CENTER OF MATHEMATICAL SCIENCES AND APPLICATIONS SPECIAL LECTURE SERIES ON DONALDSON-THOMAS AND GROMOV-WITTEN THEORIES: Artan Sheshmani
Aarhus University/CMSA
DT versus MNOP invariants and S_duality conjecture on general complete intersections
on Wednesday, April 12, 2017, at 9:00 - 10:30 am in CMSA Building, 20 Garden St, G10
Motivated by S-duality modularity conjectures in string theory, we define new invariants counting a restricted class of two-dimensional torsion sheaves, enumerating pairs Z⊂H in a Calabi–Yau threefold X. Here H is a member of a sufficiently positive linear system and Z is a one-dimensional subscheme of it. The associated sheaf is the ideal sheaf of Z⊂H, pushed forward to X and considered as a certain Joyce–Song pair in the derived category of X. We express these invariants in terms of the MNOP invariants of X.

CENTER OF MATHEMATICAL SCIENCES AND APPLICATIONS SPECIAL LECTURE SERIES ON DONALDSON-THOMAS AND GROMOV-WITTEN THEORIES: Artan Sheshmani
Aarhus University/CMSA
Proof of S-duality conjecture on quintic threefold I
on Friday, April 14, 2017, at 9:00 - 10:30 am in CMSA Building, 20 Garden St, G10
I will talk about an algebraic-geometric proof of the S-duality conjecture in superstring theory, made formerly by physicists Gaiotto, Strominger, Yin, regarding the modularity of DT invariants of sheaves supported on hyperplane sections of the quintic Calabi-Yau threefold. We use degeneration and localization techniques to reduce the threefold theory to a certain intersection theory over the relative Hilbert scheme of points on surfaces and then prove modularity. More precisely, we have proven that the generating series, associated to the top intersection numbers of the Hilbert scheme of points, relative to an effective divisor, on a smooth quasi-projective surface is a modular form. This is a generalization of the result of Okounkov-Carlsson, where they used representation theory and the machinery of vertex operators to prove this statement for absolute Hilbert schemes. These intersection numbers eventually, together with the generating series of Noether-Lefschetz numbers as I will explain, will provide the ingredients to achieve an algebraic-geometric proof of S-duality modularity conjecture.
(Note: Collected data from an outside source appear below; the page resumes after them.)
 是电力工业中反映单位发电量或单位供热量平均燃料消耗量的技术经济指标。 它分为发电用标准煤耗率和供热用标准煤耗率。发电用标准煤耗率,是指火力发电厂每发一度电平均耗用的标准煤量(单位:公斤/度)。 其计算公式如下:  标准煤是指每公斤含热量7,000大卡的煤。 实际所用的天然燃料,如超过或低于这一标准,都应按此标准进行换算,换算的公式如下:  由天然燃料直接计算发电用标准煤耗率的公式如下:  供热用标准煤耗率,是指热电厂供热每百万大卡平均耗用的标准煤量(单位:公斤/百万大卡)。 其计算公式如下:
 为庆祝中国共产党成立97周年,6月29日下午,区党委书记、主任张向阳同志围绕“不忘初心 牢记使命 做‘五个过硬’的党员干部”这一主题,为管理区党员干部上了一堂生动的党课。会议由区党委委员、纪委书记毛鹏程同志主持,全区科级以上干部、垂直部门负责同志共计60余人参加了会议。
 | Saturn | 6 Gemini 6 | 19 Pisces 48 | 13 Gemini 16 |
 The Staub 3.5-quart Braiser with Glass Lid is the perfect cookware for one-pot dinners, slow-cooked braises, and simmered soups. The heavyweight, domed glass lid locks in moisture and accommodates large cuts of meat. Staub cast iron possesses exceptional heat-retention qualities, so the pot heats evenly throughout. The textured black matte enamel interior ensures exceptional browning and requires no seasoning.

SPECIAL BASIC NOTIONS SEMINAR: Jean-Pierre Serre
Collège de France
Some simple facts on lattices and orthogonal group representations
on Wednesday, May 03, 2017, at 3:00 pm in Science Center Hall D
Afternoon tea will follow at 4:15 pm in the Math Department Common Room, 4th floor.

SPECIAL LECTURE SERIES: Jean-Pierre Serre
Collège de France
Cohomological invariants mod 2 of Weyl groups, Pt. 1
on Monday, May 08, 2017, at 3:00 - 4:00 PM in Science Center 507
The first lecture will mostly be a résumé of the first part of AMS ULECT 28; the second lecture will give an explicit description of the cohomological invariants of the Weyl groups. *Afternoon tea will follow the talks at 4:15 pm in the Math Department Common Room, 4th Floor.
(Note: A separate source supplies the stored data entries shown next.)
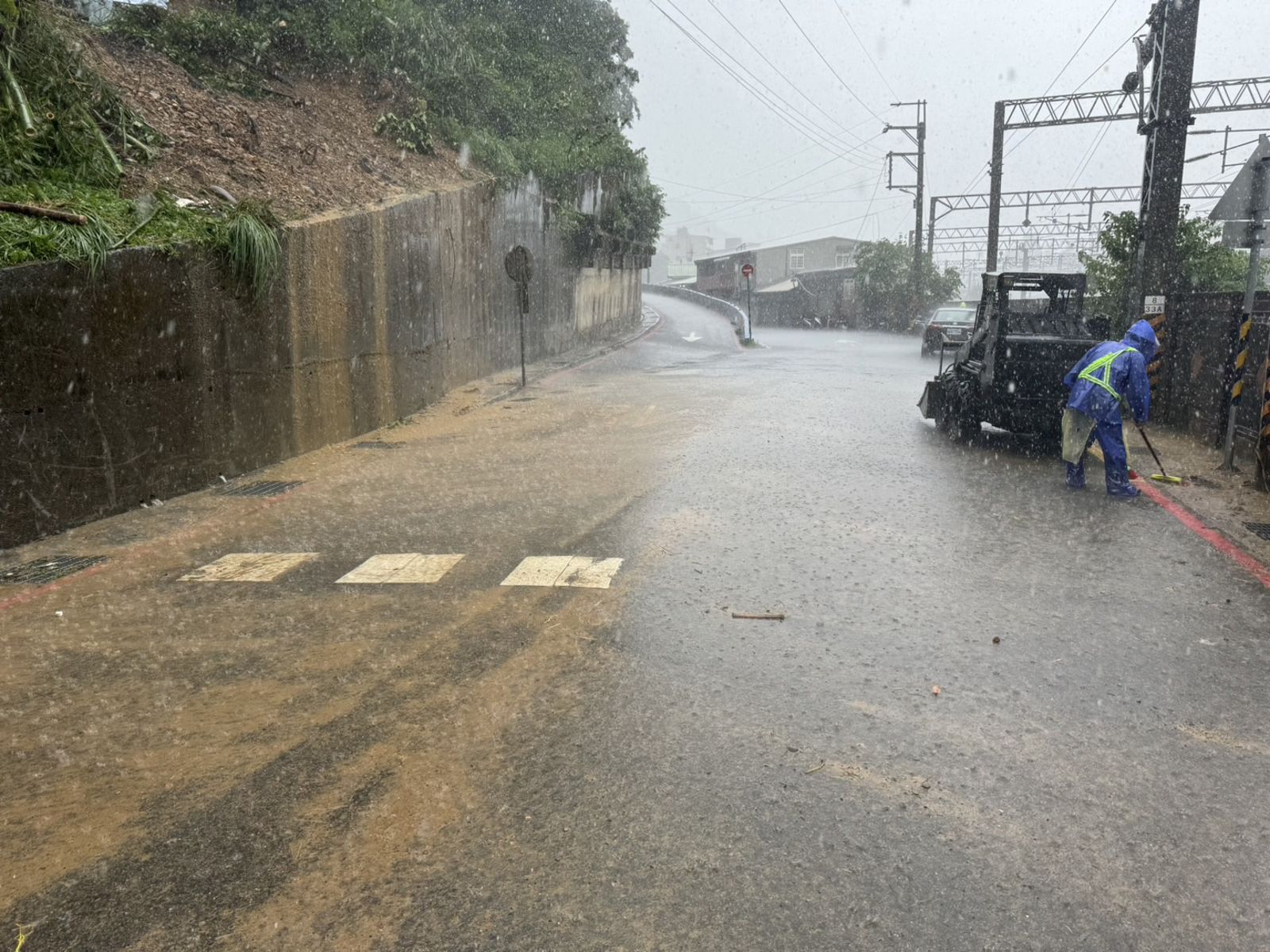 山陀兒颱風造成瑞芳邊坡坍方道路不通,瑞芳區公所緊急搶災,於下午1:30分搶通,後續邊坡整治將由工務局養工處接手。(新北市工務局提供)發布時間:2024.10.03 16:55 臺北時間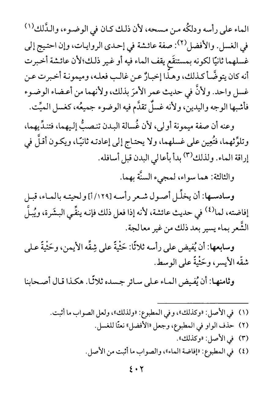 وعنه أن صفة ميمونة أولى، لأن غُسالة البدن تنصبُّ إليهما، فتندِّيهما، وتلوِّثهما، فتُعِين على غسلهما، ولا يحتاج إلى إعادته ثانيًا، ويكون أقلَّ في إراقة الماء. ولذلك (¬٣) بدأ بأعالي البدن قبل أسافله.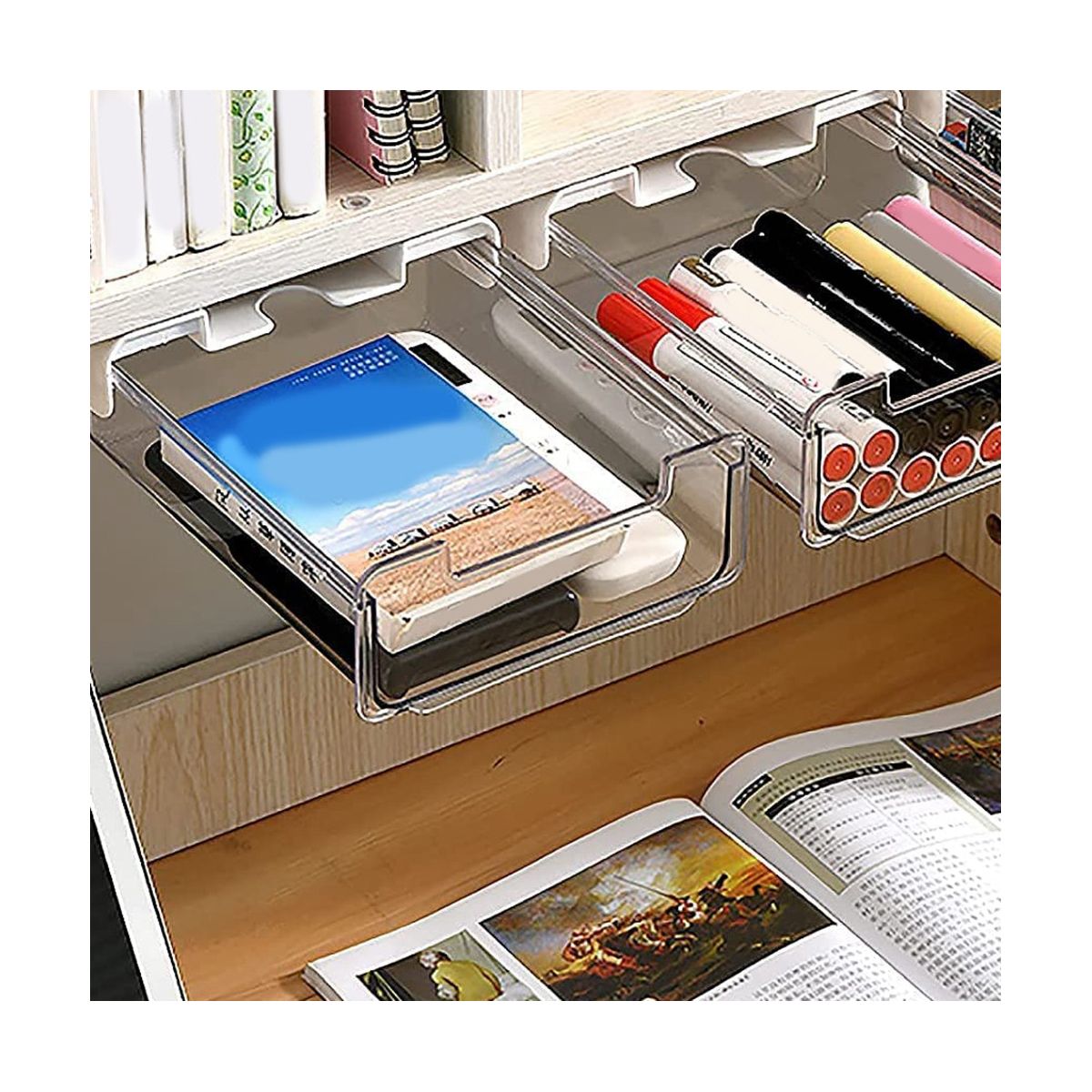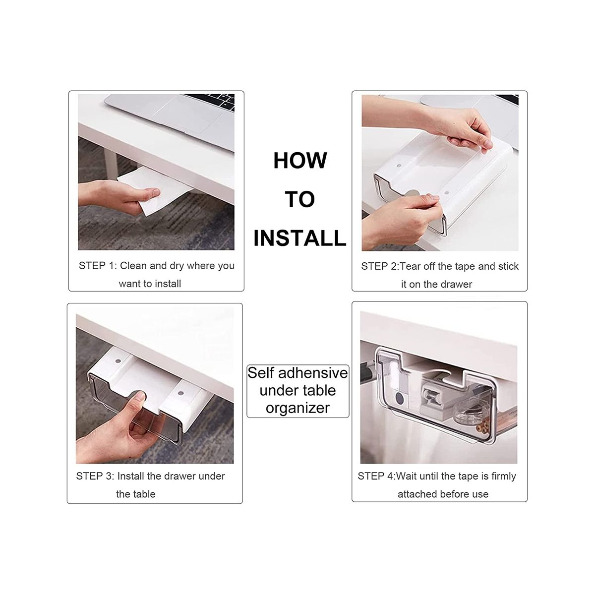 Easy to install - under desk drawers are easy to install on a surface with two strips of tape. It perfectly protects your desk or closet from damage. It has two strips of adhesive tape. Press the adhesive tape a little to that the adhesive tape is firmly adhered to the surface. It is better to use it after 24 hours for better bonding effect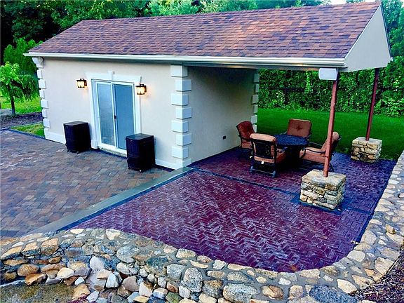 Contemporary Raised Ranch on 2.8 Acres in Scenic Scituate, RI. Discover your private oasis in the heart of Scituate! This mint-condition 3-bedroom, 2-bath contemporary raised ranch sits on 2.8 beautifully landscaped acres, set back from the road for ultimate privacy. Step inside to an open, sun-filled living space featuring a bright kitchen with granite countertops, skylights, newer appliances, and abundant windows. The living room boasts a cozy fireplace, perfect for relaxing evenings. Enjoy the view of the stone walls and waterfall looking out living room window and huge perennial garden. The lower level is fully finished, offering a spacious family room, laundry area, office, and utility room—ideal for work or play. Enjoy central air, gleaming hardwood floors, and peace of mind with a 2019 furnace and AC, plus recent exterior updates including siding and a roof just 5 years old. Outside, the property shines with stone walls, patios, a sprinkler system, lush landscaping and double waterfalls. Entertain or unwind by the saltwater inground pool with heated cabana with air conditioning, and wired for a tv to unwind by while watching the Sunday or Monday night Football games,wired for outside speakers and celing fan under patio —your own private retreat! Attached 2-car heated garage completes this perfect package. Move right in and start enjoying the lifestyle you deserve. Association fee is from Eagle Glen Homeowner's Association.

SPECIAL LECTURE SERIES: Jean-Pierre Serre
Collège de France
Cohomological invariants mod 2 of Weyl groups, Pt. 2
on Tuesday, May 09, 2017, at 3:00 - 4:00 PM in Science Center 507
The first lecture will mostly be a résumé of the first part of AMS ULECT 28; the second lecture will give an explicit description of the cohomological invariants of the Weyl groups. *Afternoon tea will follow the talks at 4:15 pm in the Math Department Common Room, 4th Floor.